BLE is already used in devices like the Pebble Watch. If you are interested in
hacking with a BLE device, check out the SensorTag[2] from TI. Its a tiny $25
board that contains a whopping six sensors:

* IR temperature Sensor (contactless temperature measurement)

* Humidity Sensor

* Pressure Sensor

* 3-axis Accelerometer

* Gyroscope

* Magnetometer

They also provide example iOS and android source code. You can download the
iOS app in the app store.

[0]
[http://en.wikipedia.org/wiki/Bluetooth_low_energy](http://en.wikipedia.org/wiki/Bluetooth_low_energy)

[1]
[http://developer.android.com/guide/topics/connectivity/bluet...](http://developer.android.com/guide/topics/connectivity/bluetooth-
le.html)

[2] [http://www.ti.com/tool/cc2541dk-sensor](http://www.ti.com/tool/cc2541dk-
sensor)

------
toomuchtodo
Useful product, although I'm dismayed its not a device that can build a point
cloud of the whole room yet (and use said point cloud for rendering on a
mobile device, as well as high-resolution measurements).

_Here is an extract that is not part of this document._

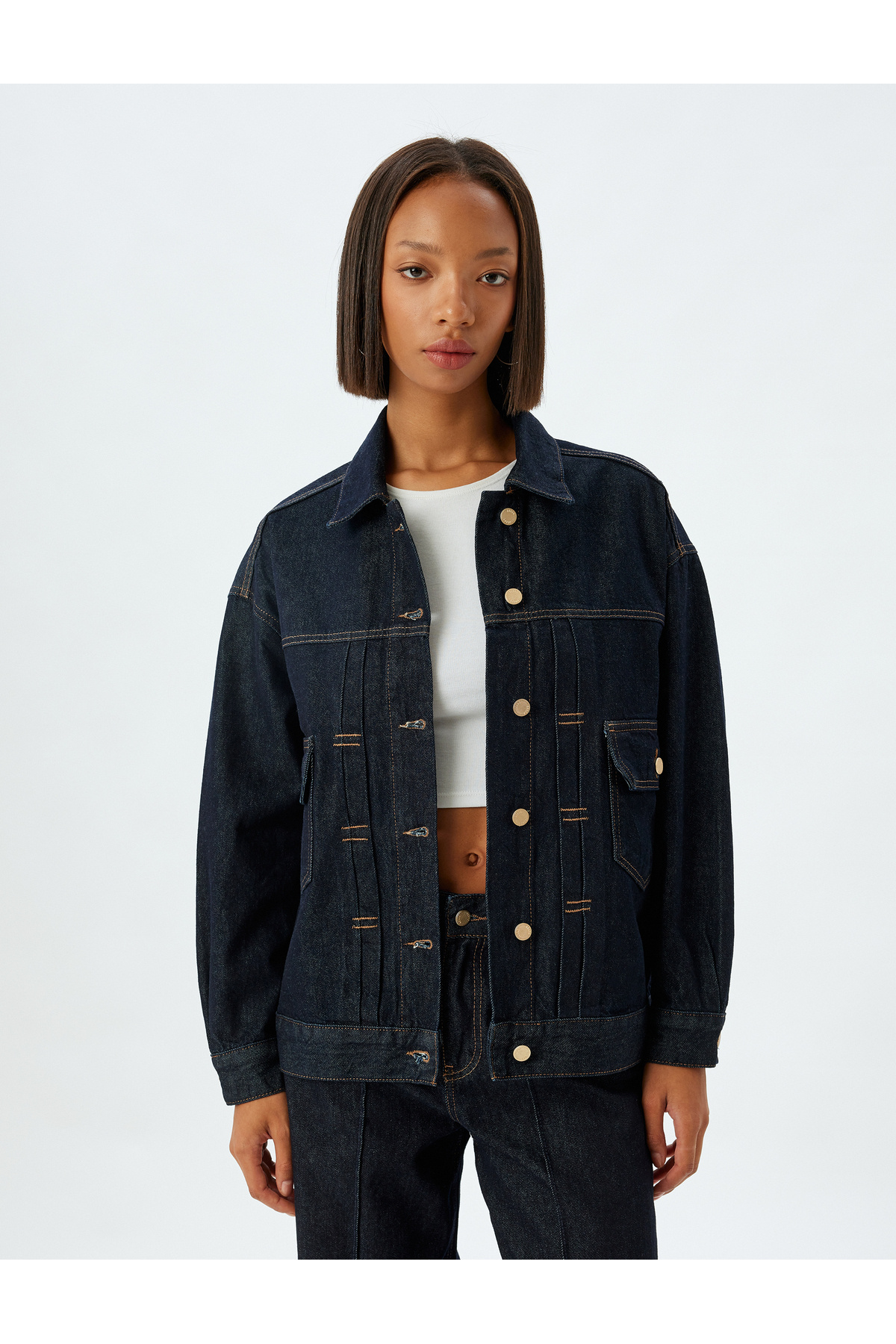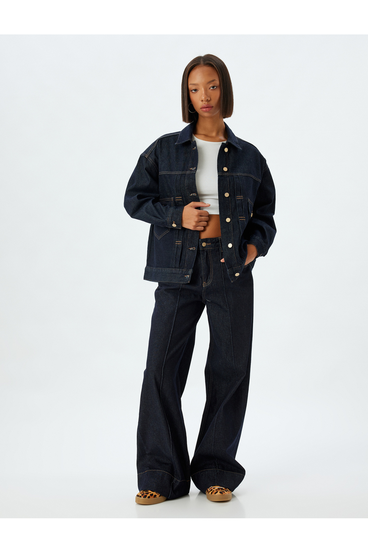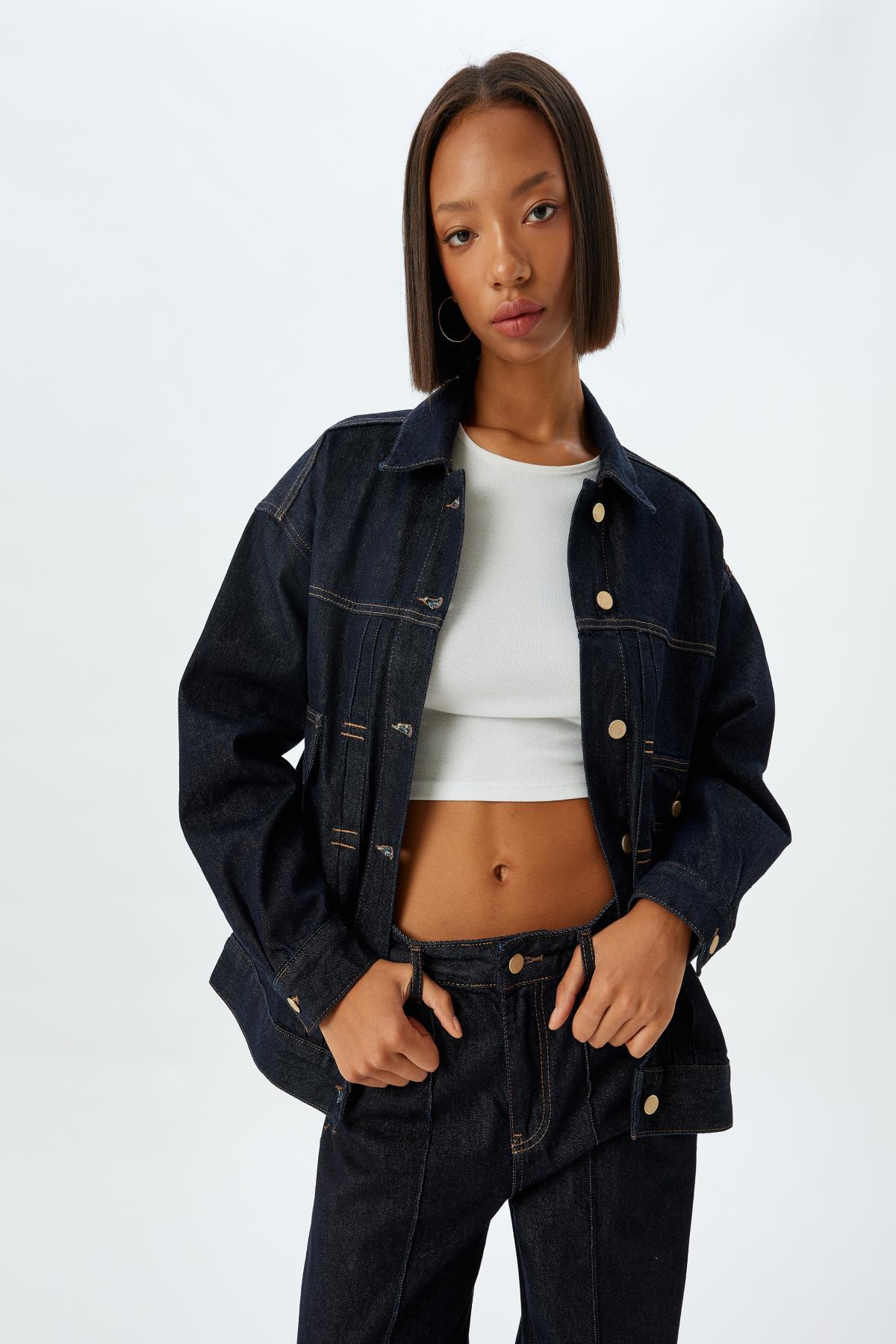 Oversize Kot Ceket Dikiş Detaylı Klasik Yaka Düğmeli Cepli Oversize Kot Ceket Dikiş Detaylı Klasik Yaka Düğmeli Cepli 5WAL50055MD 42

Look what tech innovation has done to my expectations of products :(

Room scanning point cloud with Kinect:
[http://www.youtube.com/watch?v=Xhg3_ZgRK68](http://www.youtube.com/watch?v=Xhg3_ZgRK68)

Boiler Room Point Cloud:
[http://www.youtube.com/watch?v=P1l0X46rOAU](http://www.youtube.com/watch?v=P1l0X46rOAU)

Point cloud of living room:
[http://www.youtube.com/watch?v=g6eRG3Q27Lw](http://www.youtube.com/watch?v=g6eRG3Q27Lw)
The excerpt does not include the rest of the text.